• [PROBLEM DETAILS]
Look through the entries below and extract exactly the lines from the one containing "Фасоль отварить в" through the one containing "2024年4月18出厂水水质", ends included.

• [SOURCE MATERIAL]

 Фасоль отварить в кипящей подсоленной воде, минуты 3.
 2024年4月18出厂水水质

==

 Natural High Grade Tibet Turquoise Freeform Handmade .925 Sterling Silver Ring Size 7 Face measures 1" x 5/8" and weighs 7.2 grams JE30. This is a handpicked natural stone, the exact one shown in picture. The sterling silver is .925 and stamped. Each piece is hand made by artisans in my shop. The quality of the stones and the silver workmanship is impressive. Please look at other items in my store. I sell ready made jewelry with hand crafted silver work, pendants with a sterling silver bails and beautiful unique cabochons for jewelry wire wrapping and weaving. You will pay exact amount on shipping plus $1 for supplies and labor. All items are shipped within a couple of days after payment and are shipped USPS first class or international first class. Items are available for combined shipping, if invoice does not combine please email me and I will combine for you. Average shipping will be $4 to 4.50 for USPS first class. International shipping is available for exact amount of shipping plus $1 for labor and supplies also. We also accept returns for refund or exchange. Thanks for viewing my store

• [SOLVED EXERCISE]
 Фасоль отварить в кипящей подсоленной воде, минуты 3.
 2024年4月18出厂水水质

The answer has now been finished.